Jesse noted that the back stalls still held the horses he’d left for Caitlin. Evidently the runaways had themselves just arrived, else his provisions would have been ransacked and the horses stolen. He couldn’t blame them.
“Don’t be afraid. You can come down,” Jesse said.
“Stay where you are, Beckah,” the boy said, placing a hand on the girl’s arm. But the fire in the stove was mighty inviting.
“It’s all right,” Jesse said. “Mr. Burlock is dead.”
He could have fired a shot at them and had the same reaction. Both youngsters flinched. The girl stifled a scream of terror. The boy’s eyes widened in his ebony face, and though he tightened the grip on the branch, his eyes grew moist.
“Tommy Lee, you hear what he done said,” Beckah whispered hoarsely.
“I heard,” the boy replied. He glanced down at Jesse, his expression mirroring his mistrust. “I don’t believe you, Reb.”
“Take a look yonder. You know Burlock, you ought to recognize the dun in the stall.”
Boy and girl shifted their focus to the dun gelding in the back stall.
“That his horse all right,” Beckah said.
Tommy Lee raised up. He wore a coarse cotton shirt several sizes too big for him. The loose folds of the shirt he’d tucked in his overalls, which hung by a single strap across his shoulder. He studied the animal while Caitlin joined Jesse. Beckah seemed to brighten at seeing a woman.
“Come on down, honey. You must be nigh frozen,” Caitlin said.
“Yes’m,” Beckah said, and started to crawl toward the ladder. Tommy Lee had yet to be convinced.
“The horse don’t mean nothin’. How come you know ol’ Massa Burlock? How come you say he dead?”
Jesse shrugged. His expression hardened. “Because I killed him.”
Morning broke clear and cold and as white as a virgin’s wedding veil. A pristine carpet of powdery snow had settled over the meadow and the barn and drifted against the remains of a split rail fence. As the doors to the barn opened, the hinges on one side gave way, and with a silence-shattering crash, the door toppled to earth.
Jesse McQueen emerged from the shadowy interior. His breath clouded the still air. His boots sank into the snow. He guessed that about two inches of powder had fallen overnight. There were patches of ice under some of the snow and a rider would have to be careful.
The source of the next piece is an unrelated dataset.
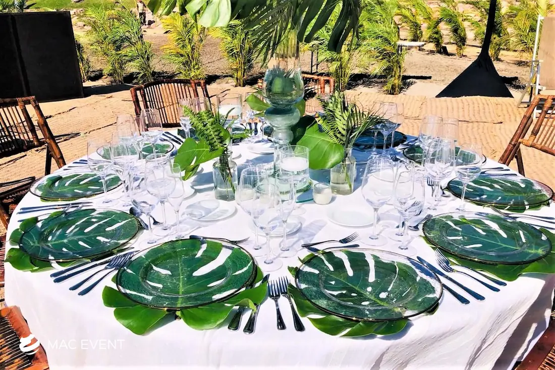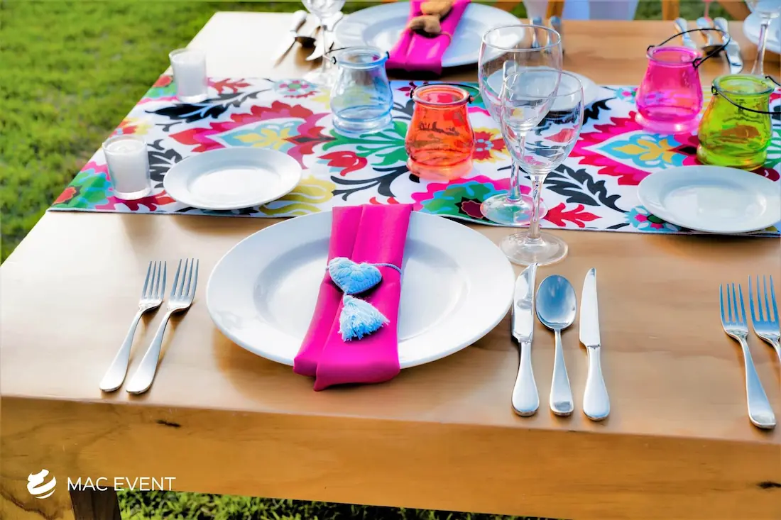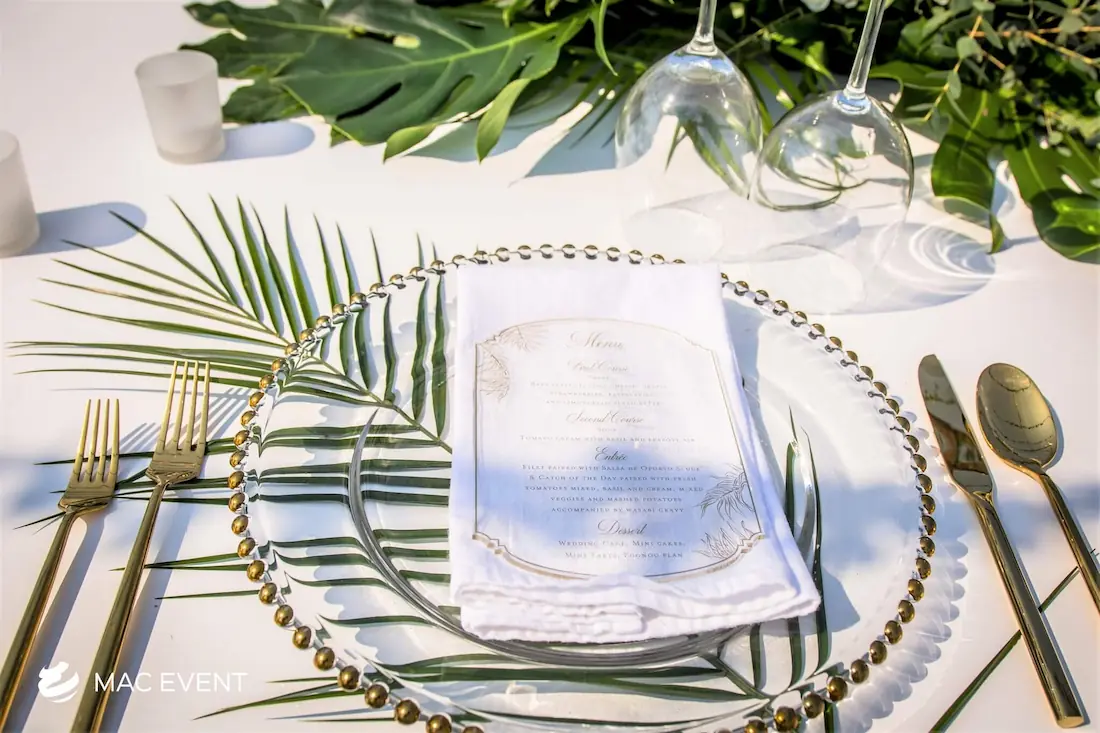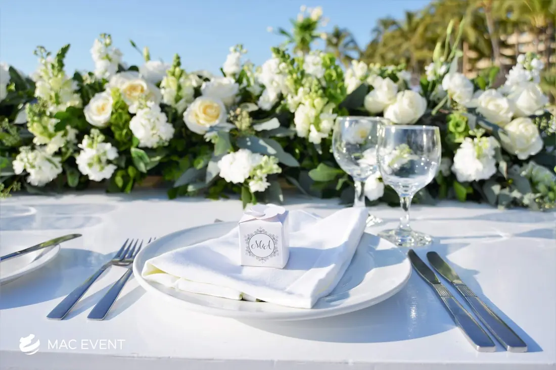 Our stylish table settings enhance the elegance of weddings and events in Riviera Nayarit. From elegant dinnerware to chic centerpieces, our settings create a cohesive and sophisticated look for your tables.

Night had passed quickly enough. After serving up three helpings of biscuits and bacon for the young runaways and watching them polish off the entire jar of preserves, Jesse had bedded them down and then unrolled his own bedroll and fallen asleep. Sometime during the night, Caitlin had joined him for warmth. He awoke with her nestled beside him. It was a nice feeling but one he had not pursued with children present. In the morning, while Caitlin heated coffee and the last of the bacon, Jesse saddled the horses and readied them for the long ride to Memphis. There were few patrols during such weather, so Caitlin and the children would be safe enough. Caitlin had connections with abolitionists in Illinois and she assured both Tommy Lee and Beckah that she would find a home for each of them.